В предложенном Йонасом описании делается акцент на том проявлении ответственности, которое в этической литературе принято называть проспективным. Оно формируется на пересечении моральных ценностей и требований с мотивацией моральных деятелей и проявляет себя до того, как поступок совершен - в процессе принятия морально значимого решения, планирования его реализации и непосредственного воплощения запланированного. Однако существует и другое, ретроспективное проявление моральной ответственности. Оно возникает в связи с неисполнением нравственной обязанности, конкретизированной в отношении какого-либо объекта, или в связи с уже реализовавшимся в поступках безответственным отношением к этому объекту. Такое проявление ответственности совпадает с возможностью оправданного морального осуждения и присутствует лишь там, где какое-то действие или бездействие было вменено нравственному деятелю, т.е. входило в горизонт его проспективной ответственности, но так и не состоялось.
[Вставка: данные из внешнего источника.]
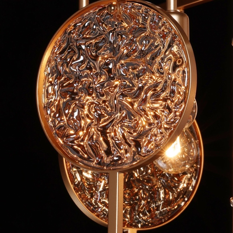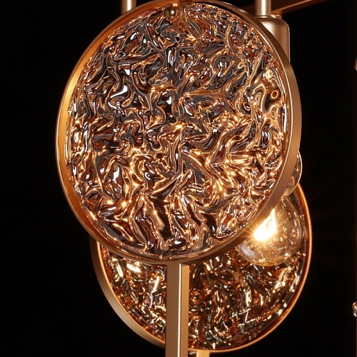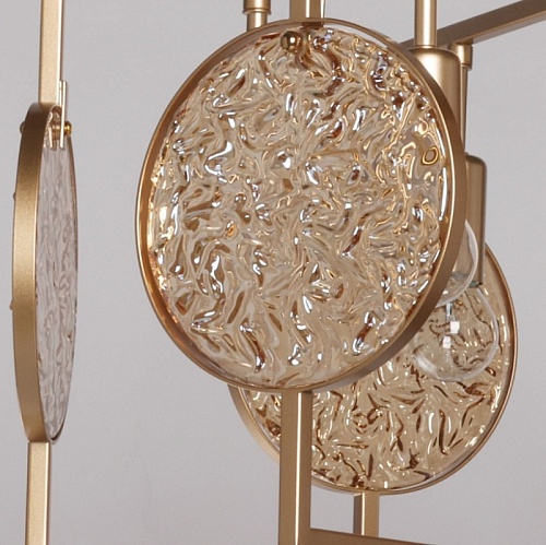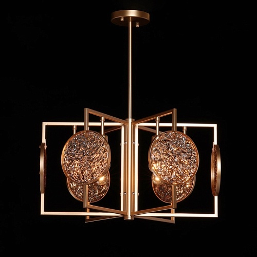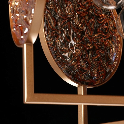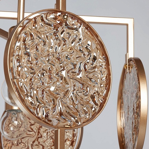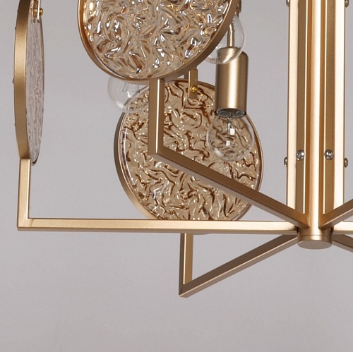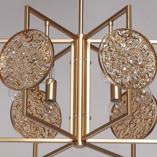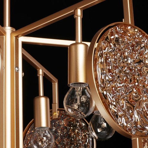 Металлическое основание подвесной люстры окрашено в цвет перламутрового золота. Декор выполнен из фактурного стекла, гальванизированного в цвет янтаря.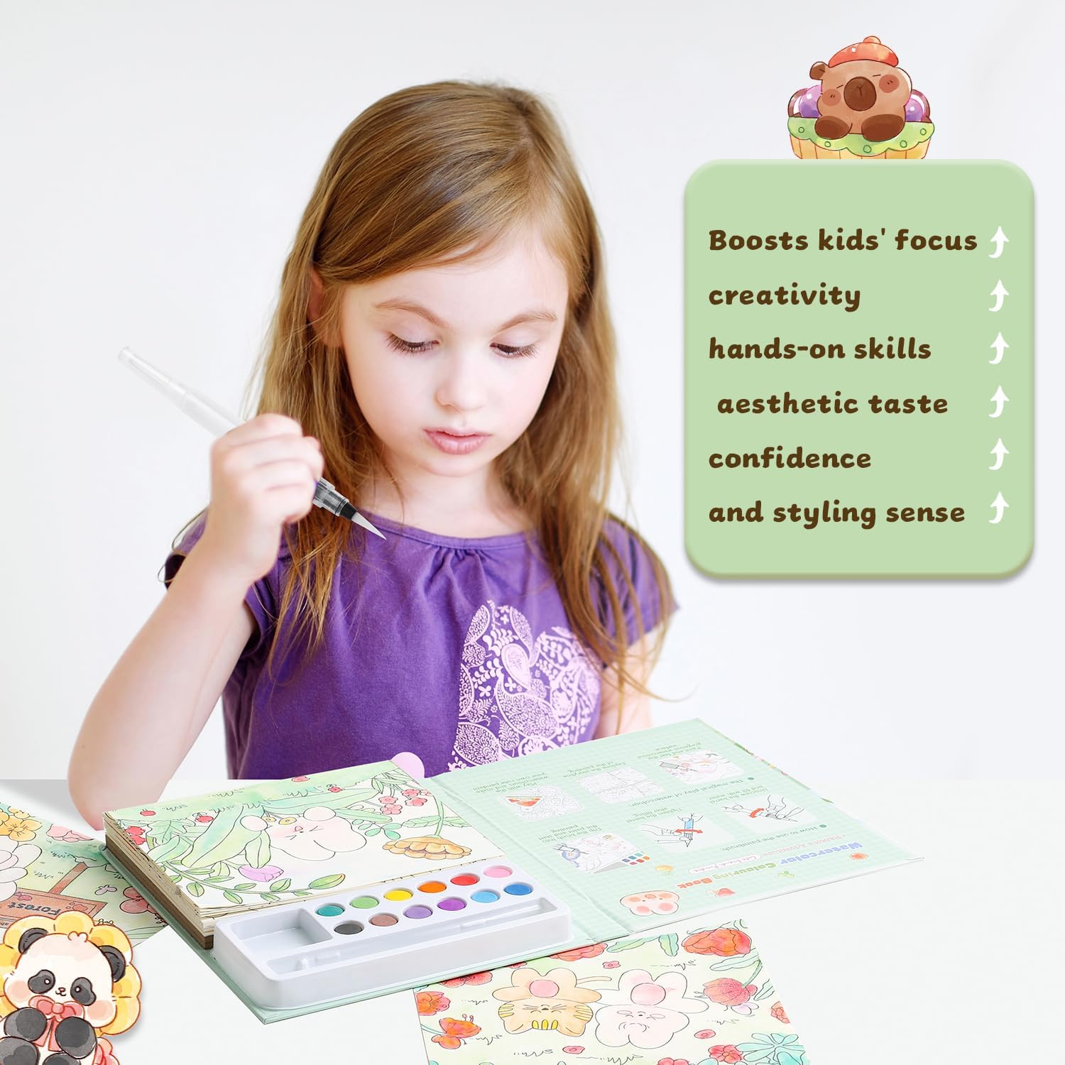 - Keeps Kids Engaged and Boosts Multiple Skills This magical water coloring book captivates children's attention for extended periods, helping enhance their focus, fine motor skills, color coordination, creativity, confidence, and aesthetic awareness. Let kids explore a colorful world filled with imagination and fun.

Определенные трудности при этом создают те эффекты, которые в современной этике принято называть моральной удачей (см.: [5], [15]). Они связаны с тем, что феноменология моральной оценки показывает, что осуждение и самоосуждение распространяются и за пределы контроля и предвидения деятеля в отношении последствий своих поступков, а сила осуждения и самоосуждения подчас не зависит от степени такого контроля и такого предвидения. Это, казалось бы, разрушает связь между проспективной и ретроспективной ответственностью (вменением и осуждением). Однако некоторые наиболее обоснованные объяснения феномена моральной удачи восстанавливают подобную связь. Тот, кто принимает на себя полноту попечения о каком-то объекте, и не должен стремиться к строгому разграничению того, что в его силах, и значит, предполагает возможность негативной оценки, и того, что за пределами его психологических и физических возможностей, и значит, негативную оценку исключает. Такое стремление порождает тенденцию к минимизации проспективной ответственности и делает заботу об объекте ответственности менее эффективной. В контексте этики ответственности Йонаса связь между проспективной ответственностью и возможностью осуждения моральных неудач даже глубже. Она определяется тем, что берущий на себя ответственность за состояние другого человека призван учитывать потребности изменчивой, бесконечной сложной и «самопроизвольной», а потому и непредсказуемой личности и делать это на неограниченном ближайшей перспективой временном отрезке [3, с. 185, 193, 207]. В этом смысле понятие «ответственность» лучше уживается с моральной удачей, чем, например, понятие долга (обязанности), которое ориентировано на постоянное уточнение границ между обязательными и необязательными действиями.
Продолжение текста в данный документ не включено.